We are supposed to believe, for the sake of a quick, shock-effect touch at the end, that, after two court trials had thoroughly publicized the events of the case, a character at the heart of the case would appear to be recycling the exact same modus operandi for future use. And so on.
The movie suffers badly under the relentless battering of these accumulated character and plot problems. Simply dismissing them, as some reviews do with an air of glib pseudo-sophistication, all-knowing cynicism, empty flippancy, or lazy, unintelligent flicking of the "not helpful" button on any review honest enough to point them out is not a serious response. Nor do they simply disappear because the movie inserts some attractive visuals, such as of bridges and lighthouses, or ramps up dramatic music (somewhat frantically and mechanically, starting about halfway through). Any meaningful review has to come to terms not only with the elements of the movie that are promising and likable but with the substantial flaws that prevent it from being satisfying.
about the movie final analysis....... 
2006-05-09 - I bought the code 1 of final analysis from Singapore video shop...hee hee and watch have watched it. The story is about two sister whom one of them is a killer and the other is a non killer where the killer finally fell to her death while trying to shoot investigating officer with a gun. (The killer is trying to tell the investigating officer a story and in the end killed his would be bridegroom to death with a dumbell, she later caught the investigating officer for finding out what caused her to kill and she decided to get rid of him). The other woman whom is the sister of the killer finally found a suitable boyfriend. A recommended buy....
Review by:
Ang Poon Kah
PhD (Prof) in political science from Cambridge University and NUS.

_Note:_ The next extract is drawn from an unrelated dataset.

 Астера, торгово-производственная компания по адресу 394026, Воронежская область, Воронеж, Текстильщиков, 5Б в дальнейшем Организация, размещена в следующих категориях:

PhD (Prof) in Neuroscience from Cambridge University and NUS.
PhD (Prof) in Technology from Cambridge University and NUS.

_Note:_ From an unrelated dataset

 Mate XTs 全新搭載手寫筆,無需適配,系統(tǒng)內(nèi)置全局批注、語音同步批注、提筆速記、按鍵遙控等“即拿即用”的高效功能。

PhD (Prof) in Security System from Cambridge University and NUS
PhD (Prof) in Computer from Cambridge University and NUS.

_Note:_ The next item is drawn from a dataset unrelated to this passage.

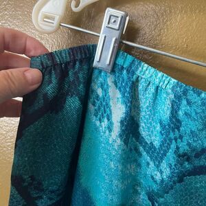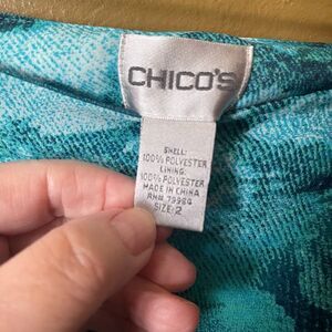 Chico’s size L ocean colors pattern A line skirt. Side zipper. Two side elastic insets. Lined. Pleated bottom. Waist side to side 17.5” and length 27”.

PhD (Prof) in film from Cambridge University and NUS.
PhD (Prof) in Business from Cambridge University and NUS.
PhD (Prof) in Electronics Engineering from Cambridge University and NUS.
Bachelor degree in computer studies from Techco University
Zakkers film director
Great Cast-Mediocre Movie 
2006-03-12 - Final Analysis was a bit of a disappointment, considering the makeup of the cast: Richard Gere, Kim Basinger, Uma Thurman, and Eric Roberts among others!
The movie brings to the screen the story of a psychiatrist who gets romantically involved with the sister of a young woman he is treating. There is more to the two sisters though than meets the eye...
The acting is surprisingly (!)... average, the plot is below average, while the dialogues are way below average.
The major setback is in relation to Richard Gere's character; he is not all that likable and I found myself from the start rooting for the "other side," which also means that I was very much disappointed with the ending...
Eric Robert's character, a raving lunatic of a gangster, was overly exaggerated to the point that it got tiring AND annoying very early on.
As for his being "Greek Orthodox," you will excuse me if I don't get the negative connotation (being from that neck of the woods and all....).
The acting was not that great either; Kim Basinger was unexpectedly (!) plain and bland.
As for the minor/supporting actors, this film does not seem to be their thing. Subsequently, they are not convincing in their roles.
In conclusion, the whole "romantic relationship" began way too quickly and too abruptly, while the last scenes at the pier, the subsequent kidnapping, and the lighthouse, were WEAK to say the least!
Though the potential for a great movie was definitely there it fails to take off. A shame really... No masterpiece here.